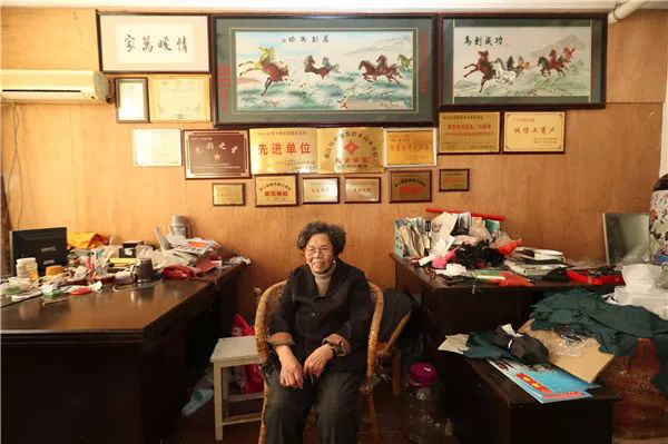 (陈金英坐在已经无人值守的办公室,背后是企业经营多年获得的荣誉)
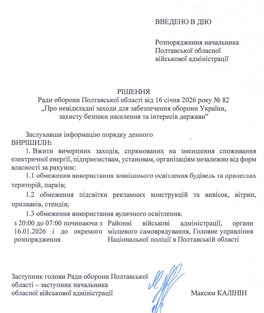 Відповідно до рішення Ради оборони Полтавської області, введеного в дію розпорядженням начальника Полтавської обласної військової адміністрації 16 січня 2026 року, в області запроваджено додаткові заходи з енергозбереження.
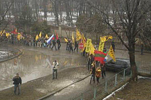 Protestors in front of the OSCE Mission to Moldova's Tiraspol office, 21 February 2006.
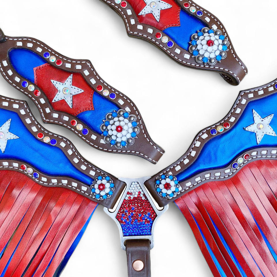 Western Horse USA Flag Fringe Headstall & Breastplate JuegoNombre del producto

++++++++

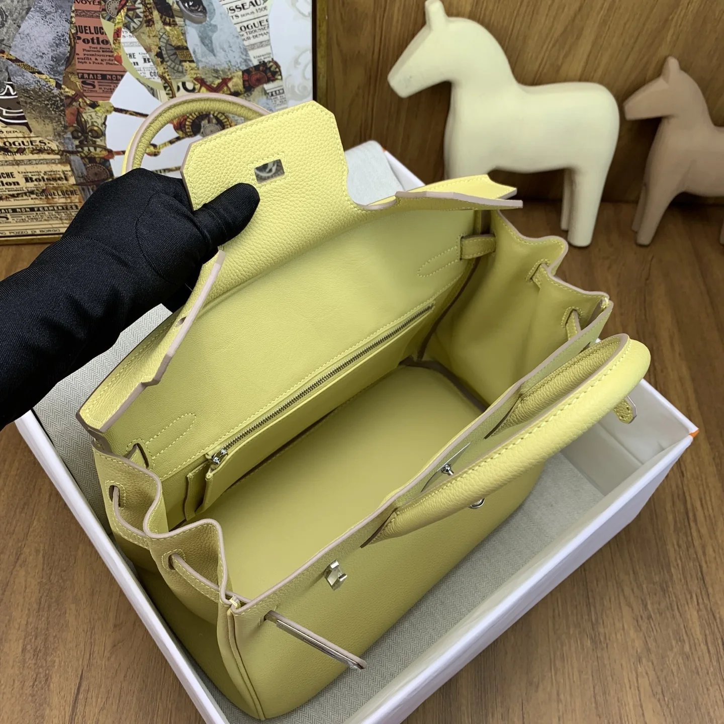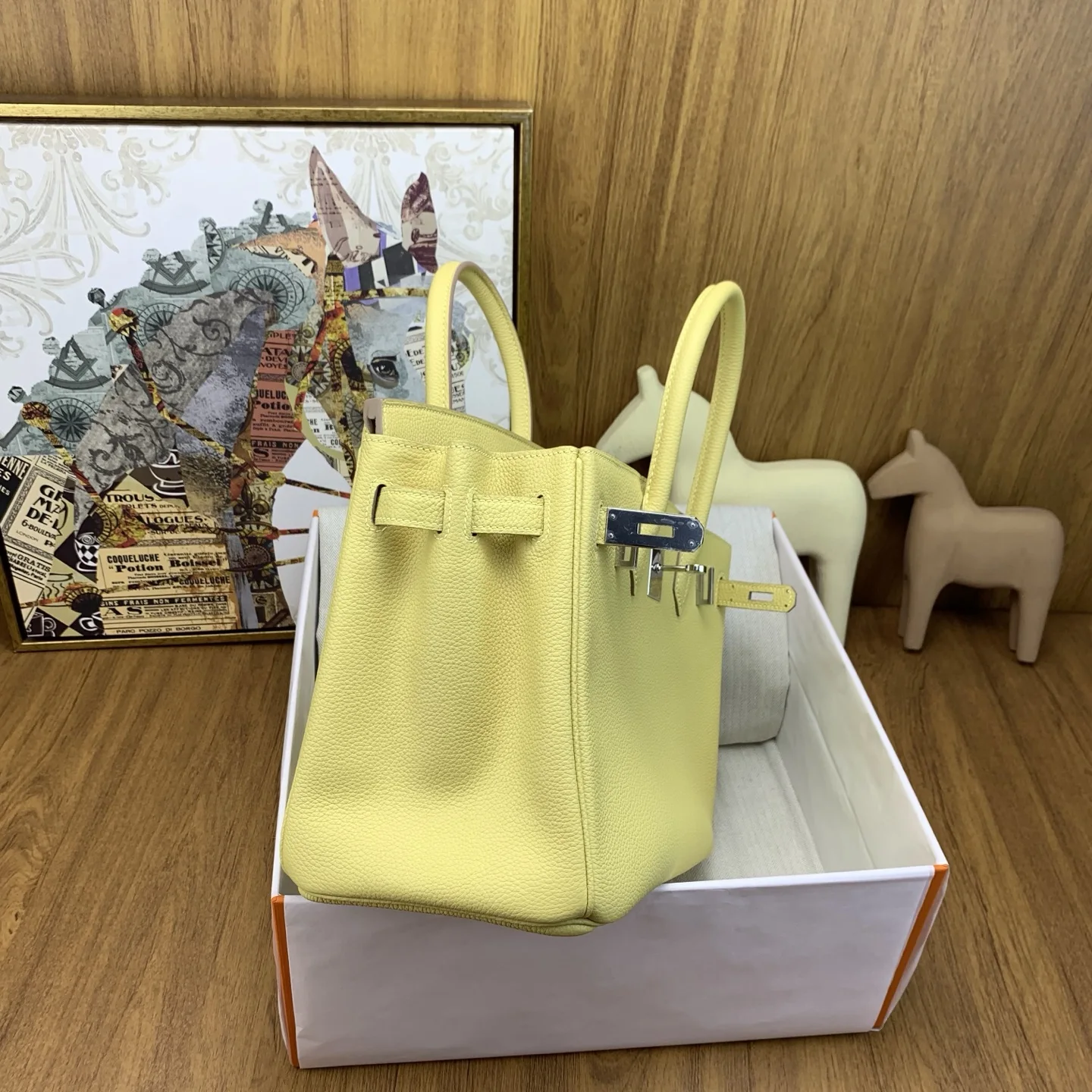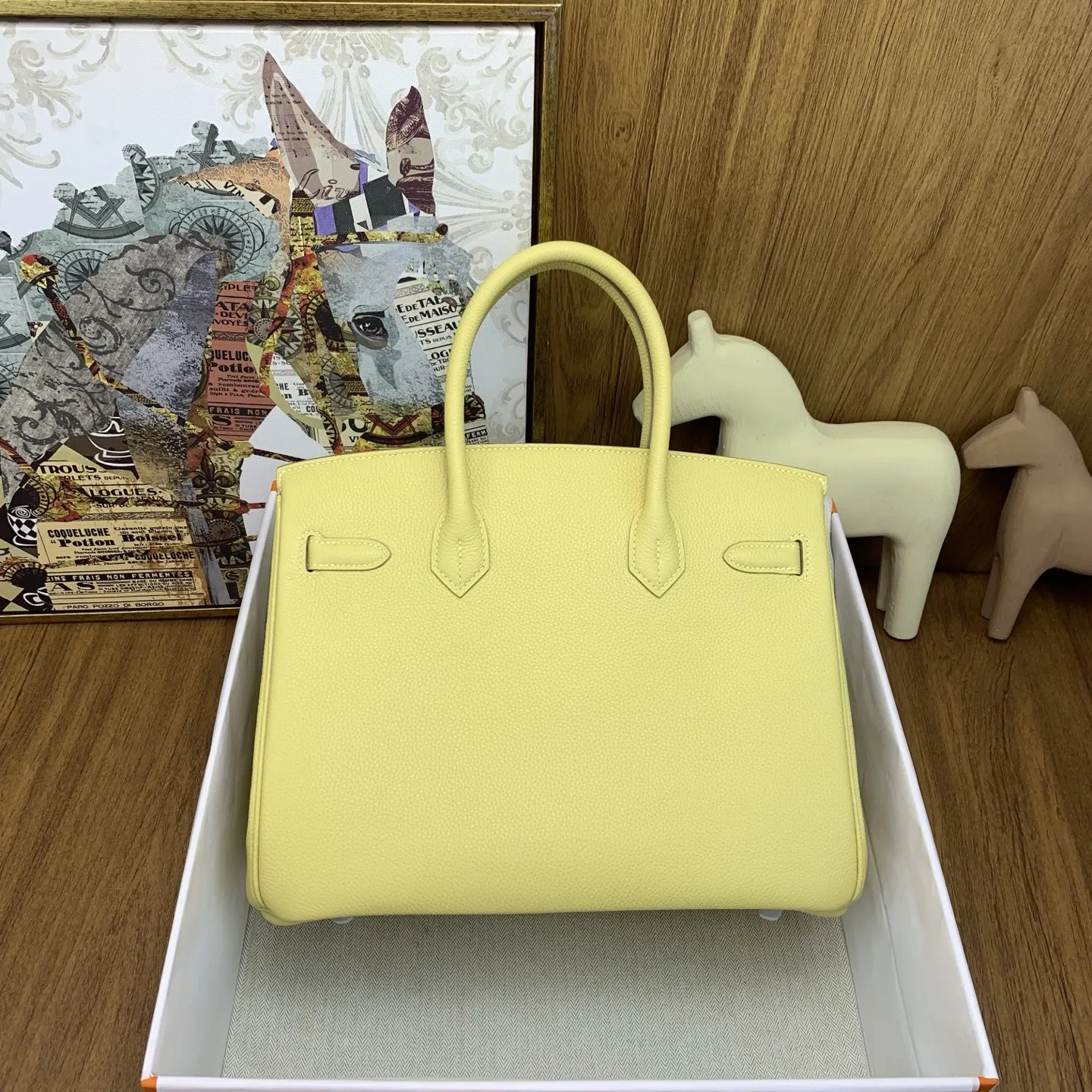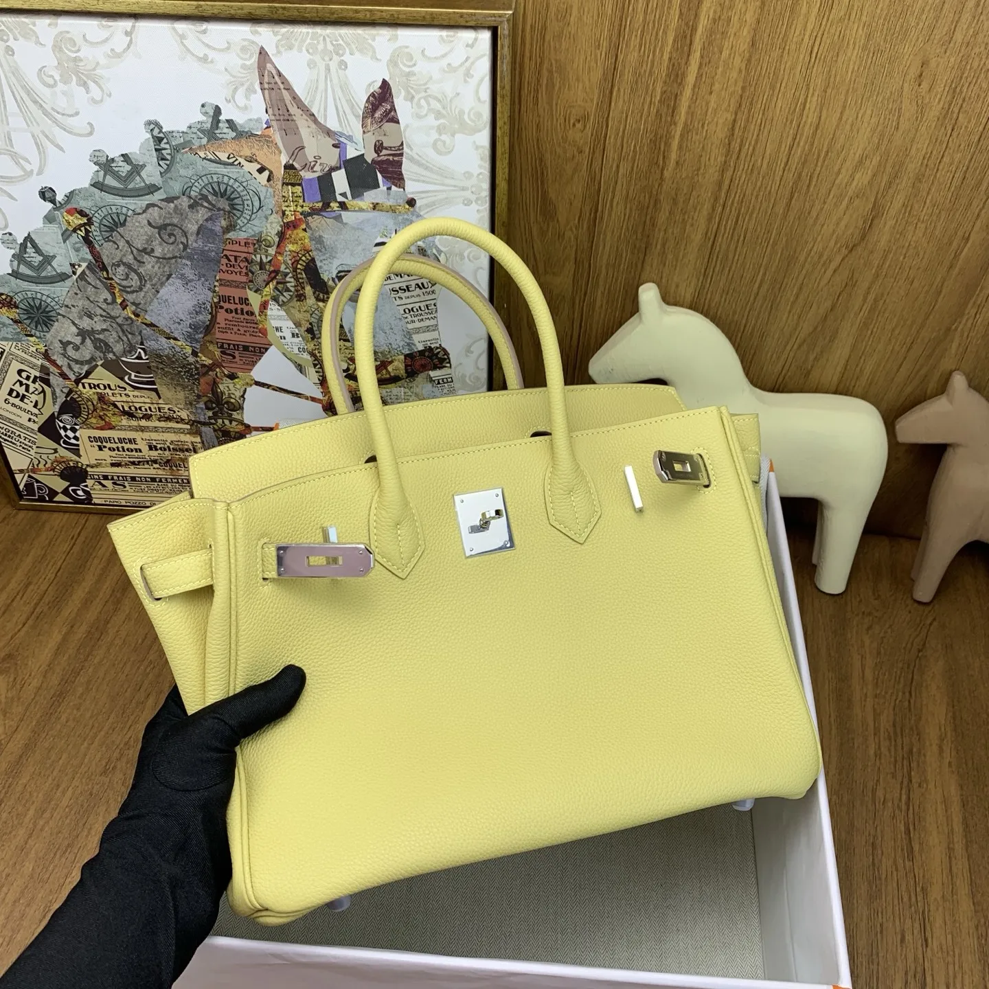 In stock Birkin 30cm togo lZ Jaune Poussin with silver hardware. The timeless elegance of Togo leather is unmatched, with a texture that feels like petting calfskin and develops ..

++++++++

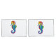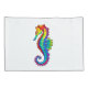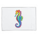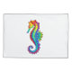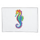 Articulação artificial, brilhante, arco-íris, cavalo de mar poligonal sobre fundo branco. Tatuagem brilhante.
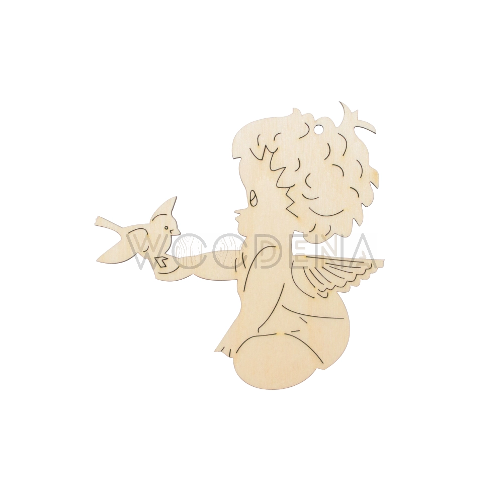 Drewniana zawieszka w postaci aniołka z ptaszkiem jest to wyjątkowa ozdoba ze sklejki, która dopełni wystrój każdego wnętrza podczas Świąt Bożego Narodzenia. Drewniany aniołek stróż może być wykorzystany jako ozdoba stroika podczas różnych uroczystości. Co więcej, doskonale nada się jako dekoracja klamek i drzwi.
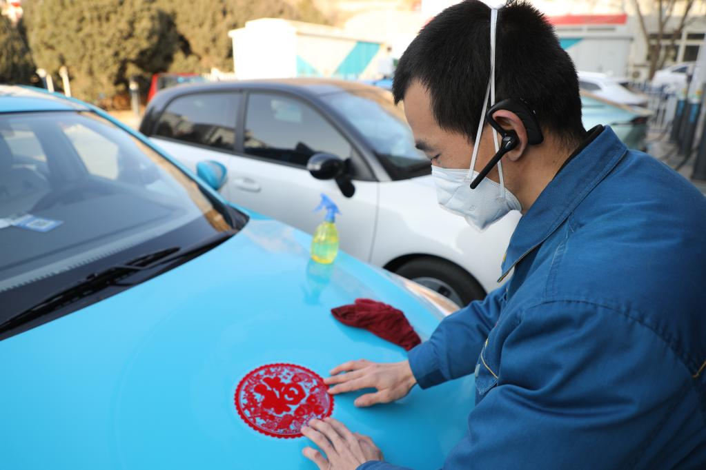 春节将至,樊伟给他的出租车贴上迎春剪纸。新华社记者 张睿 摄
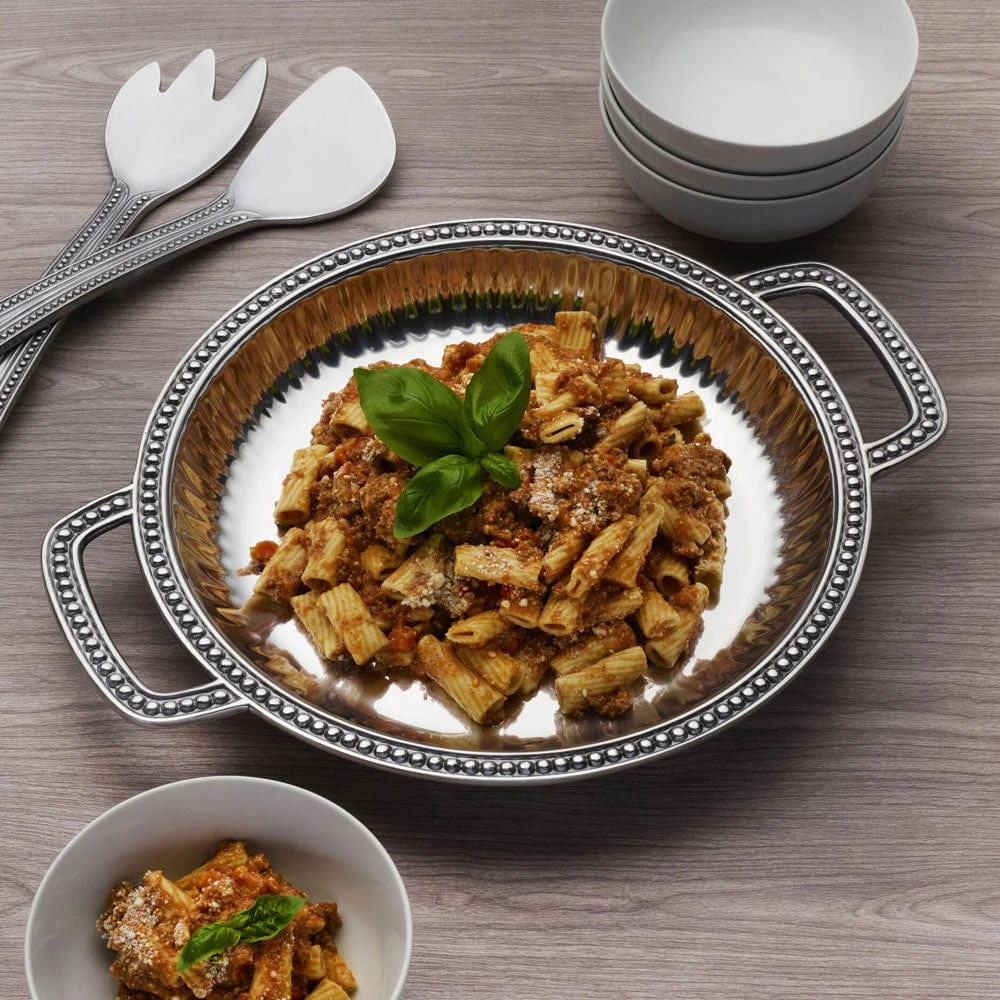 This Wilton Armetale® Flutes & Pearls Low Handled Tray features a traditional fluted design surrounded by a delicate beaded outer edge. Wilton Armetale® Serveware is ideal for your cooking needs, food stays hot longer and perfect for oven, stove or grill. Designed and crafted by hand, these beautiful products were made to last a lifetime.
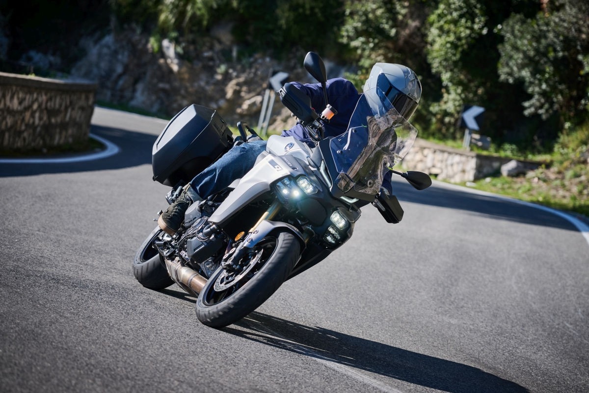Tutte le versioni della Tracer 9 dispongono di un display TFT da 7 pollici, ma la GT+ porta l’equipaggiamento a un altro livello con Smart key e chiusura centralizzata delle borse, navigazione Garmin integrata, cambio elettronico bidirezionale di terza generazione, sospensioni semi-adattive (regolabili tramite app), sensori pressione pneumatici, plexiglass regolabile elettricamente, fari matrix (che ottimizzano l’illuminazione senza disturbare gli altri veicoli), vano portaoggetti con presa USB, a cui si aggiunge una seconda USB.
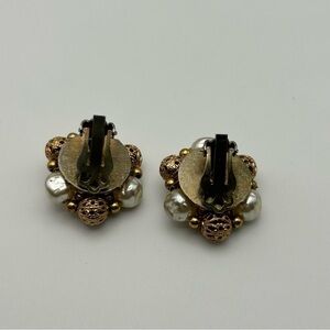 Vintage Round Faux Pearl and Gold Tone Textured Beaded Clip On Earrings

++++++++

## Problem to work on
Which part of the entries opens with the line containing "春节将至,樊伟给他的出租车贴上迎春剪纸。新华社记者 张睿 摄" and closes with the line containing "This Wilton Armetale®"? Output that part exactly, ends included, pictures excluded.

## Exercise response
 春节将至,樊伟给他的出租车贴上迎春剪纸。新华社记者 张睿 摄
 This Wilton Armetale® Flutes & Pearls Low Handled Tray features a traditional fluted design surrounded by a delicate beaded outer edge. Wilton Armetale® Serveware is ideal for your cooking needs, food stays hot longer and perfect for oven, stove or grill. Designed and crafted by hand, these beautiful products were made to last a lifetime.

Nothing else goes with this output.